What the bug-eyed rock stars with the big heart for Africa don't tell you is
that Africans don't even _want_ their pity, or their charity. They want to do
business. Not the "colonial" business of old where resources were essentially
taken with almost nothing given in return (except for "teaching western
civilization to the natives" or some such nonsense). The Chinese couldn't
really care less about that.

All the Chinese want is a stable enough environment for doing business and
allowing their million+ workers living there live and work safely. One way
they achieve that is by actually living among the Africans, in high-rises that
seem to be erected by the day all over Africa, or in African neighborhoods.
Where before, Western emigres walled themselves off from the natives, the
Chinese actually build shops and restaurants and live in-town, which engenders
the notion of "guanxi" between the Africans and Chinese immigrants.
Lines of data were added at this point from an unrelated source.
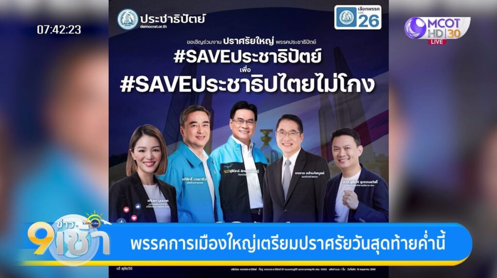 พรรคประชาธิปัตย์ จัดเวทีปราศรัยใหญ่ บริเวณ ลานคนเมือง กรุงเทพมหานคร เริ่มเวลา 17.00 น. งานนี้ จุรินทร์ ลักษณวิศิษฏ์ หัวหน้าพรรคและแคนดิเดตนายกฯ คนเดียวของพรรคนำทีม โดยมีอดีตหัวหน้าพรรค อย่าง อภิสิทธิ์ เวชชาชีวะ มาขึ้นเวทีปราศรัยครั้งนี้ด้วย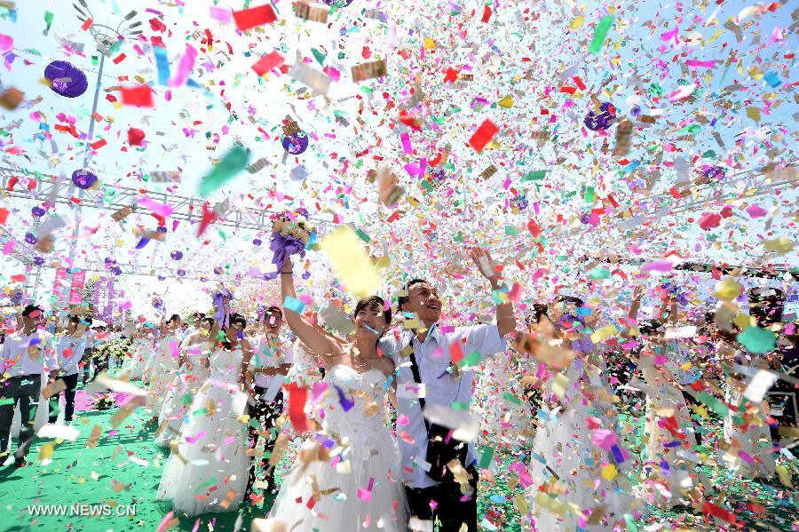 Couples throw up bundles of flowers during a group wedding ceremony in Shenyang, capital of northeast China's Liaoning Province, Aug. 2, 2014. The Qixi Festival, also known as Chinese Valentine's day, which falls on Aug. 2 this year, originates from a folk tale about a fairy falling in love with a mortal. The marriage allegedly enraged the Goddess of Heaven, who created the Milky Way to separate them. Supposedly, the pair of lovers are reunited for a single night each year by magpies that fly into the heavens and form a bridge for them to cross. (Xinhua/Pan Yulong)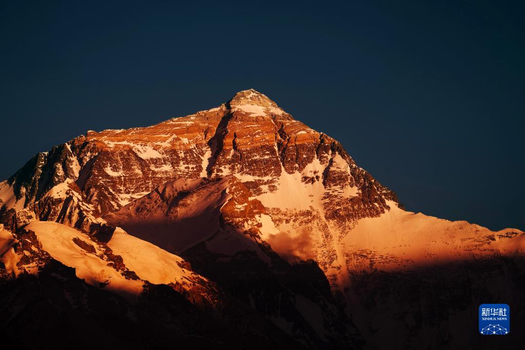6月4日,最后一抹陽(yáng)光即將從珠峰頂上消逝。新華社記者 費(fèi)茂華 攝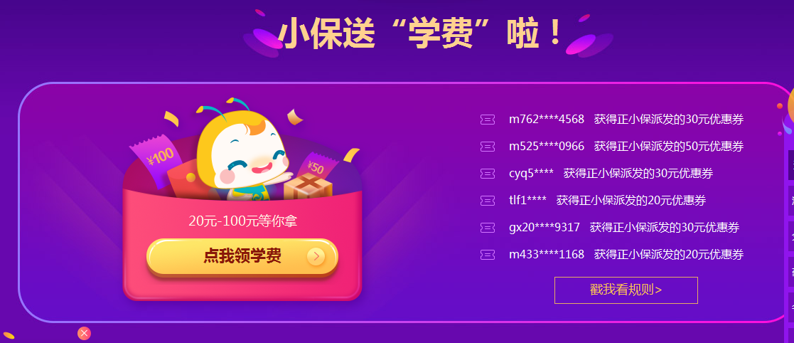 (2)点击“点我领学费”:用户登录,如果没有账号,可以点击注册!

It was
difficult early on, as the report suggests: First-wave immigrants living in
trailers on the worksite, never venturing out to eat or take in entertainment.
Now there are shops and karaoke bars all over, peopled with Chinese and
African clientele.

Fact is, they aren't there to turn Africa into something the Dutch Boers or
German Afrikaners envisioned, but more like whats been happening since the
spice routes opened 1000 years ago: You give me raw material, I give you
finished products. And, hey, it maybe a bit of a perversion of the Comparative
Advantage theory, but one thing it's not is abject exploitation the way it was
when the West colonized it.

------
Synaesthesia
Great article, thanks! Very interesting